--- Dataset records Enclosed Below ---

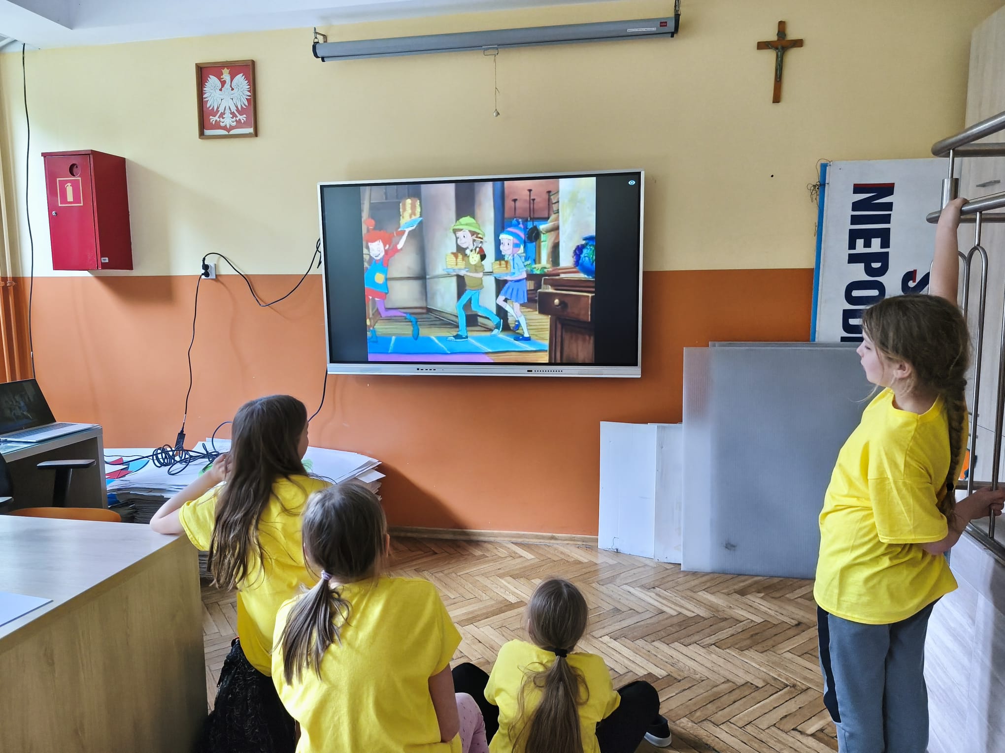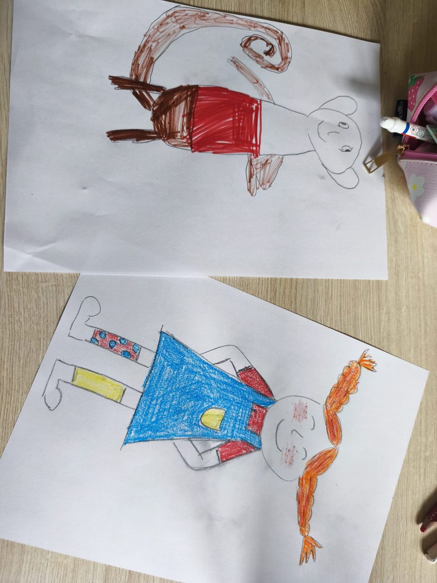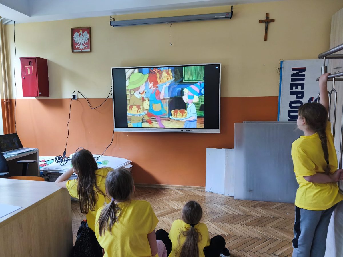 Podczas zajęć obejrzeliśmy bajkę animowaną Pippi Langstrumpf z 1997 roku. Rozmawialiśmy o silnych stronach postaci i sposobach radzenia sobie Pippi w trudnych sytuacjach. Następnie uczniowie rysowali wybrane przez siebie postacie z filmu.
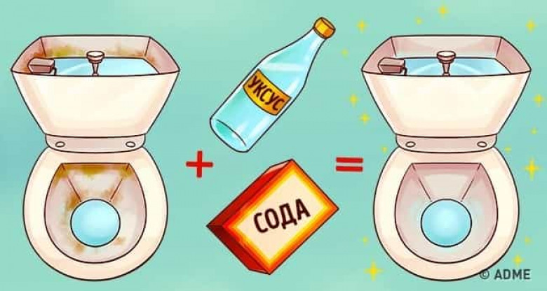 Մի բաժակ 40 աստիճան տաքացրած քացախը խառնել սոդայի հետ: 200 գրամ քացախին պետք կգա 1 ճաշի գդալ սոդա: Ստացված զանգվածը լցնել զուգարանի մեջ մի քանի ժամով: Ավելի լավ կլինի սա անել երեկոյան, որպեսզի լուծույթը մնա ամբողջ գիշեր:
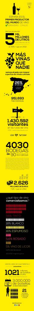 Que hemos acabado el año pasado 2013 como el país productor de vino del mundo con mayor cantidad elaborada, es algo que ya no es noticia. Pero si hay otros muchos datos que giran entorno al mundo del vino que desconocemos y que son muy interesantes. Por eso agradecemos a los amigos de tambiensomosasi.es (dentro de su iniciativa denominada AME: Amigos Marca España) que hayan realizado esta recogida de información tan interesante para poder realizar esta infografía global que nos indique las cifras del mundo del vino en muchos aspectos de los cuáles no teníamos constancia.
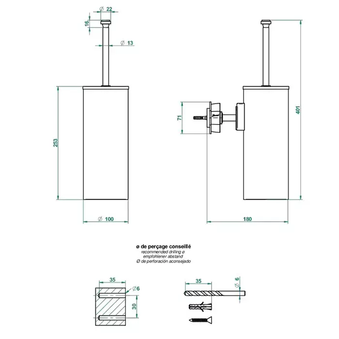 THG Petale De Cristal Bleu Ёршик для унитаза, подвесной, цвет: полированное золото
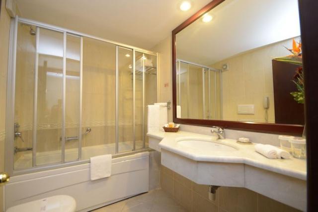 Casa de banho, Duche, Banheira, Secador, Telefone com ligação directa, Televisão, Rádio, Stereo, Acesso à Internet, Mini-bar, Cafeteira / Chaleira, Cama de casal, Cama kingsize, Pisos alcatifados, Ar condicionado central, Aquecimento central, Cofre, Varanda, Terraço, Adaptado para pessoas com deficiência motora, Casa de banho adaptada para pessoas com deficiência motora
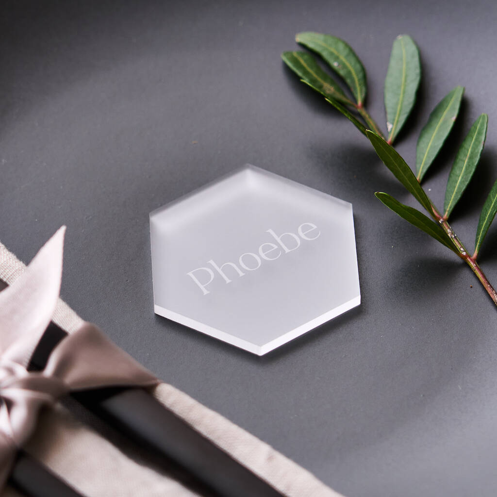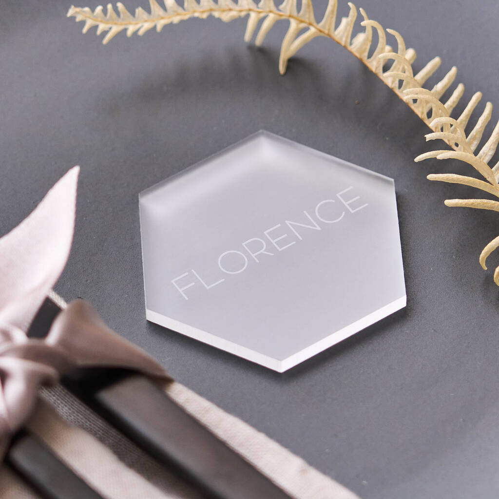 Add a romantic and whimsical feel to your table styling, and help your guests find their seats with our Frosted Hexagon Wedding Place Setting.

--- End of Enclosed Dataset records ---

» **What to work on**: Both the line containing "Casa de banho, Duche, Banheira, Secador, Telefone" and the last line of the records above belong in the exact copy, along with every line between them; pictures do not.

» **Task result**:
 Casa de banho, Duche, Banheira, Secador, Telefone com ligação directa, Televisão, Rádio, Stereo, Acesso à Internet, Mini-bar, Cafeteira / Chaleira, Cama de casal, Cama kingsize, Pisos alcatifados, Ar condicionado central, Aquecimento central, Cofre, Varanda, Terraço, Adaptado para pessoas com deficiência motora, Casa de banho adaptada para pessoas com deficiência motora
 Add a romantic and whimsical feel to your table styling, and help your guests find their seats with our Frosted Hexagon Wedding Place Setting.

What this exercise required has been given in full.